== Input data ==

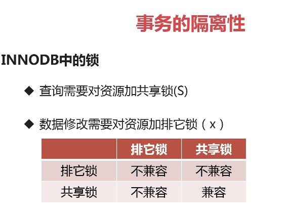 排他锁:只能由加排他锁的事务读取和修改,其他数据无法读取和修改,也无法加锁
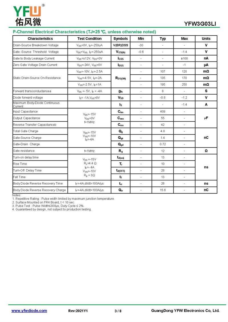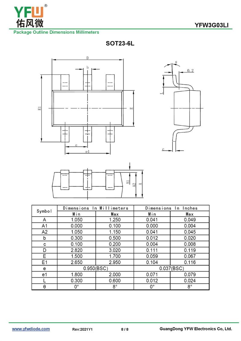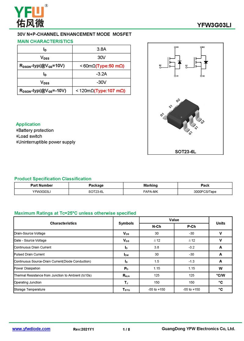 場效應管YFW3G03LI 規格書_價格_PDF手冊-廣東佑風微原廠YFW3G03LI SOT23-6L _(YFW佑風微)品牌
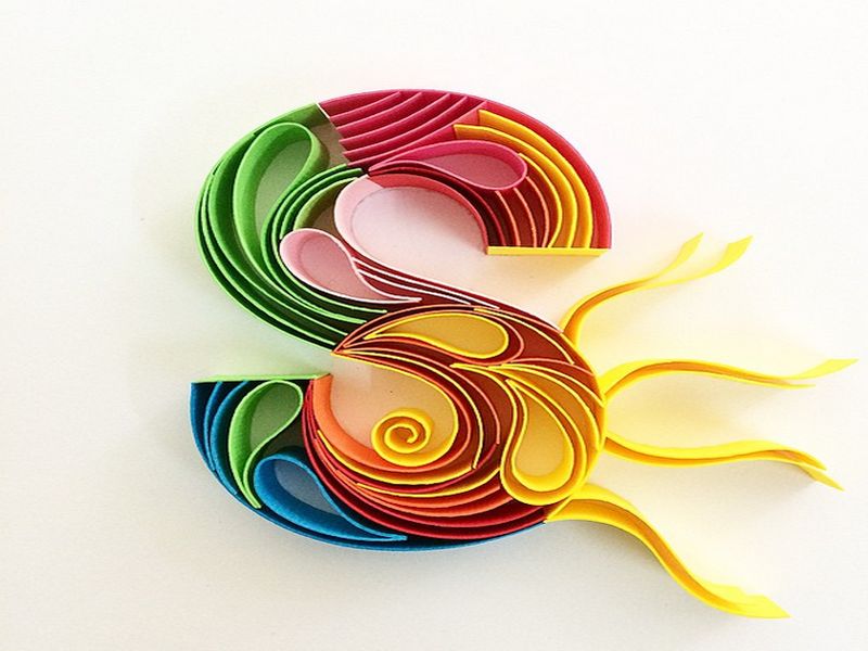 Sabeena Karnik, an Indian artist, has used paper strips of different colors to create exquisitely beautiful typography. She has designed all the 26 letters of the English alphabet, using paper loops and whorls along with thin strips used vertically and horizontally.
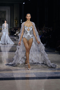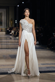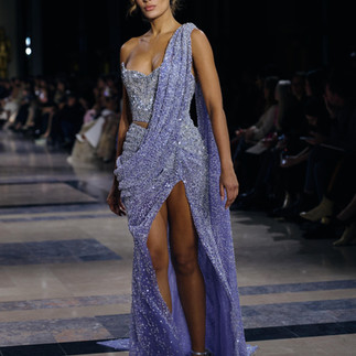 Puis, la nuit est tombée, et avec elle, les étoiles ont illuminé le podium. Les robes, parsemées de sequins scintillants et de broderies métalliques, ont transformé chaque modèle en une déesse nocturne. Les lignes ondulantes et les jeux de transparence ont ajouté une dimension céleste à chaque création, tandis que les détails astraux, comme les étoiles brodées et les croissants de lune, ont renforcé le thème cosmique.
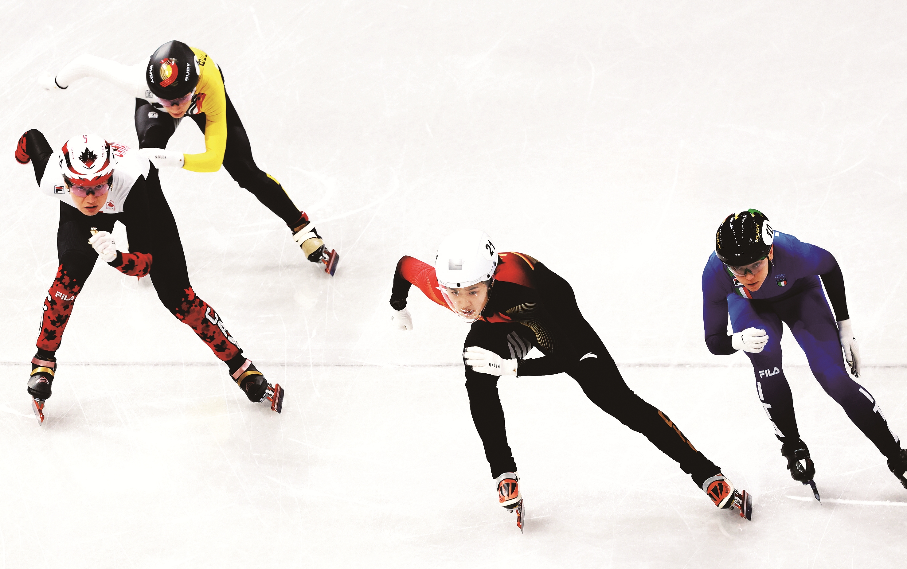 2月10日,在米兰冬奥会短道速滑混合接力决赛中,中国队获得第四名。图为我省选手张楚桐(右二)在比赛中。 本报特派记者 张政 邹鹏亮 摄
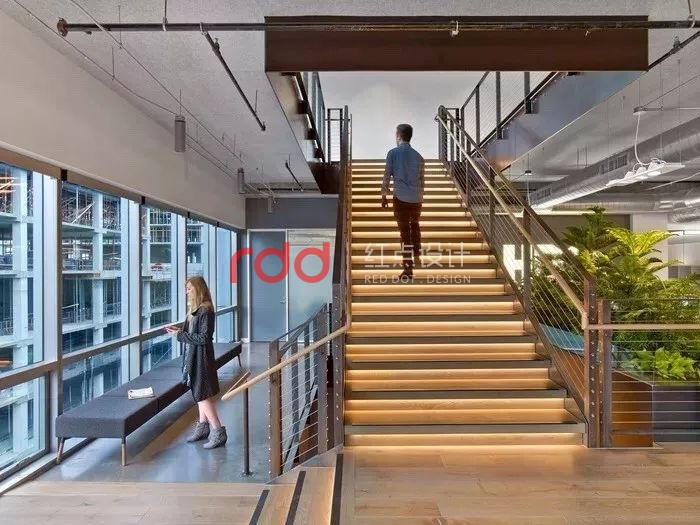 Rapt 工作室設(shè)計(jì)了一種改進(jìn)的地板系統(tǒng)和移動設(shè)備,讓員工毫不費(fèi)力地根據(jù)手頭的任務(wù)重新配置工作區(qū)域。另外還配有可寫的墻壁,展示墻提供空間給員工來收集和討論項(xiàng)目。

===

Aim of the exercise:
Please write out all of the material above without changing a word, and omit any pictures.

Answer to this problem:
 排他锁:只能由加排他锁的事务读取和修改,其他数据无法读取和修改,也无法加锁
 場效應管YFW3G03LI 規格書_價格_PDF手冊-廣東佑風微原廠YFW3G03LI SOT23-6L _(YFW佑風微)品牌
 Sabeena Karnik, an Indian artist, has used paper strips of different colors to create exquisitely beautiful typography. She has designed all the 26 letters of the English alphabet, using paper loops and whorls along with thin strips used vertically and horizontally.
 Puis, la nuit est tombée, et avec elle, les étoiles ont illuminé le podium. Les robes, parsemées de sequins scintillants et de broderies métalliques, ont transformé chaque modèle en une déesse nocturne. Les lignes ondulantes et les jeux de transparence ont ajouté une dimension céleste à chaque création, tandis que les détails astraux, comme les étoiles brodées et les croissants de lune, ont renforcé le thème cosmique.
 2月10日,在米兰冬奥会短道速滑混合接力决赛中,中国队获得第四名。图为我省选手张楚桐(右二)在比赛中。 本报特派记者 张政 邹鹏亮 摄
 Rapt 工作室設(shè)計(jì)了一種改進(jìn)的地板系統(tǒng)和移動設(shè)備,讓員工毫不費(fèi)力地根據(jù)手頭的任務(wù)重新配置工作區(qū)域。另外還配有可寫的墻壁,展示墻提供空間給員工來收集和討論項(xiàng)目。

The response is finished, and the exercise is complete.